Pregunta sobre Texto 2:
¿Cómo puede articularse el poder constituyente tras la crisis del sistema de partidos?
Un Estado es constitucional, no porque posea algún texto o repertorio de costumbres que
regule su funcionamiento de manera extrínseca, sino porque en la elaboración de esa “constitución” se constituye la comunidad política misma. Afirmar que la Constitución funda y decide significa que encauza el poder constituyente, sin el cual cualquier texto constitucional será papel mojado. Aunque ese sea su momento primigenio, como notan los autores, para perdurar en el tiempo, una constitución precisa de un “ecosistema” político sustentado sobre el pluralismo (esto es, sobre la imposibilidad de que ninguna fuerza política monopolice o fagocite el espacio político) y sobre la responsabilidad (esto es, sobre el compromiso de los actores políticos de respetar las “reglas del juego” y de no utilizar las instituciones con fines partidistas).

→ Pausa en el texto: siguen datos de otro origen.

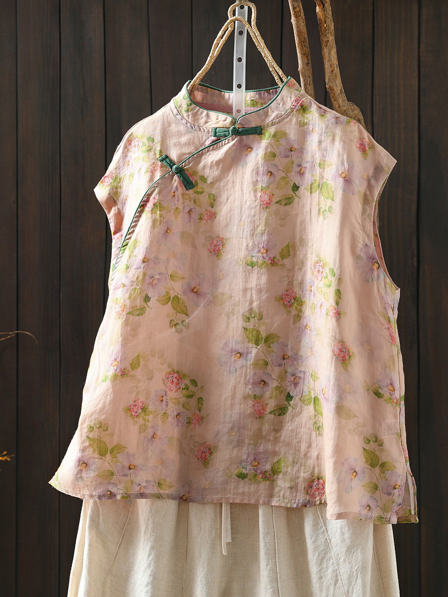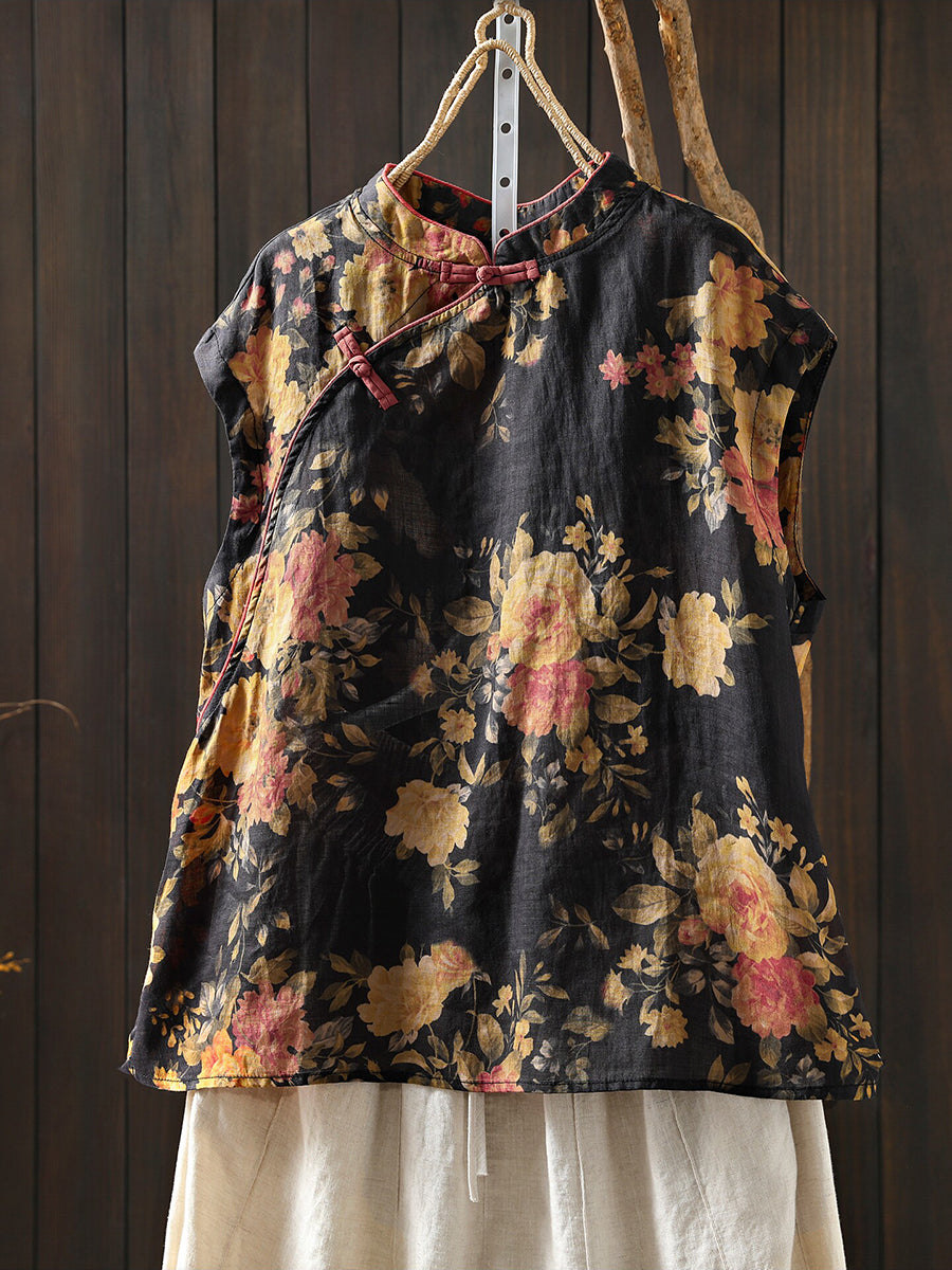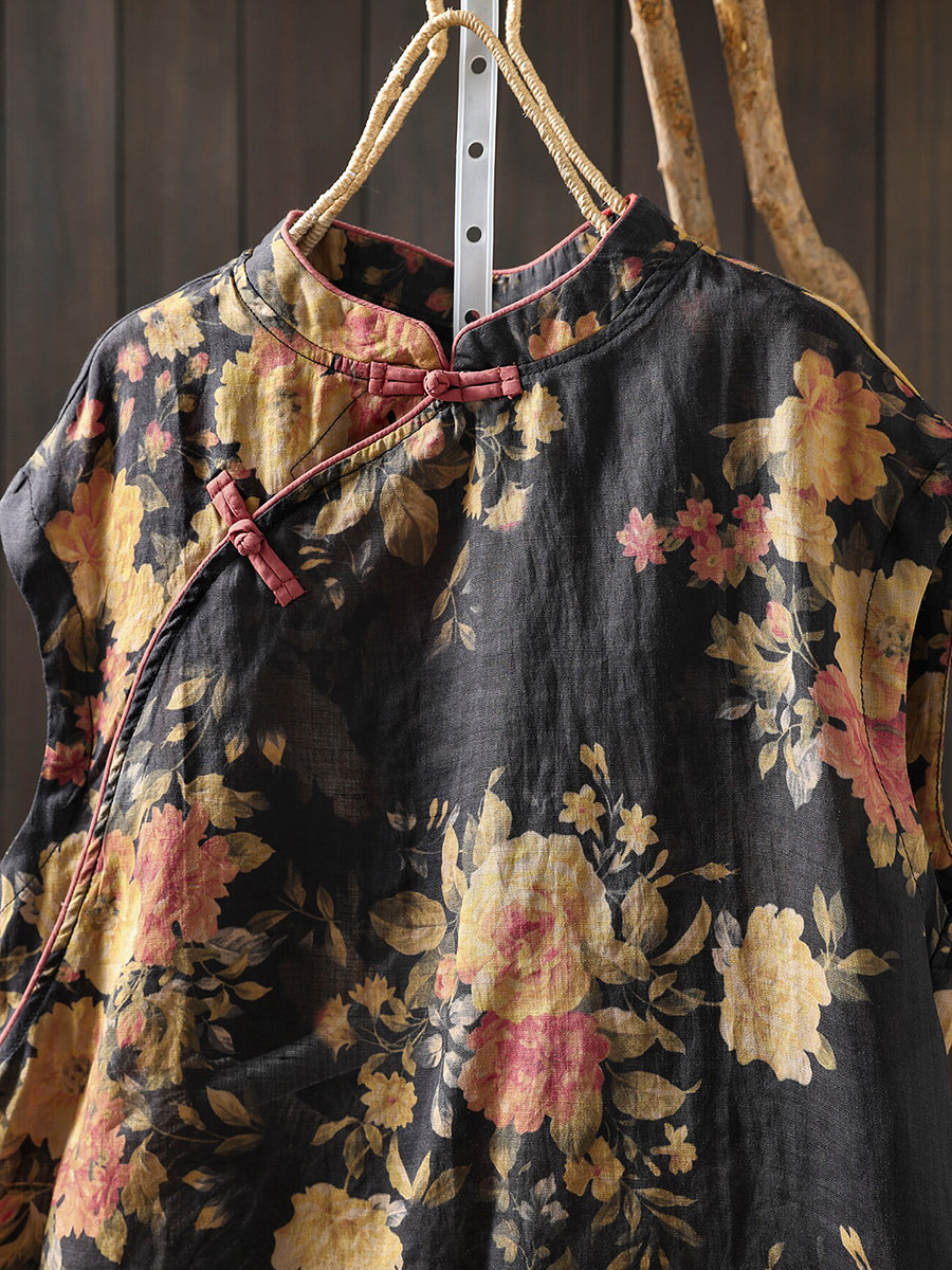 女士夏季民族風花朵立領100%苧麻襯衫

Las democracias que salieron de la II Guerra Mundial pretendieron cumplir estos requisitos constitucionales mínimos a través de los partidos políticos de masas, que a partir de entonces cobraron una relevancia decisiva y que, en simbiosis con otras instituciones como sindicatos, iglesias, etc., estaban bastante bien arraigados en la sociedad civil. Hoy, en cambio, la propia idea de representación política está gravemente deteriorada, lo cual se debe sin duda a una multitud de factores: a una cierta homogeneización ideológica que aleja a los ciudadanos de la política, a una desconfianza profunda con respecto a la ejemplaridad de los políticos profesionales, a una convicción de que la acción política es completamente impotente ante los desafíos que tenemos por delante, … La lista podría a buen seguro ampliarse. Todo esto nos indica que, en nuestra coyuntura, se hace necesaria una revitalización del poder constituyente, y que esta solo puede tener lugar desbordando el marco del Estado-nación, generando dinámicas de compromiso con e implicación en la res publica que broten del conjunto de la población y, lo que es más importante, que conecten a la ciudadanía de los diversos países, sembrando en ellas la conciencia de que la mayor parte de los problemas que tendremos que acometer, ya en el corto plazo, solo podrán tener una solución internacionalmente coordinada. Desde luego, la Unión Europea parece un marco especialmente adecuado para fomentar dinámicas de ese tipo, pero hemos de aprender a aprovecharlo, y ello pasa sin duda por un “poder constituyente” europeo.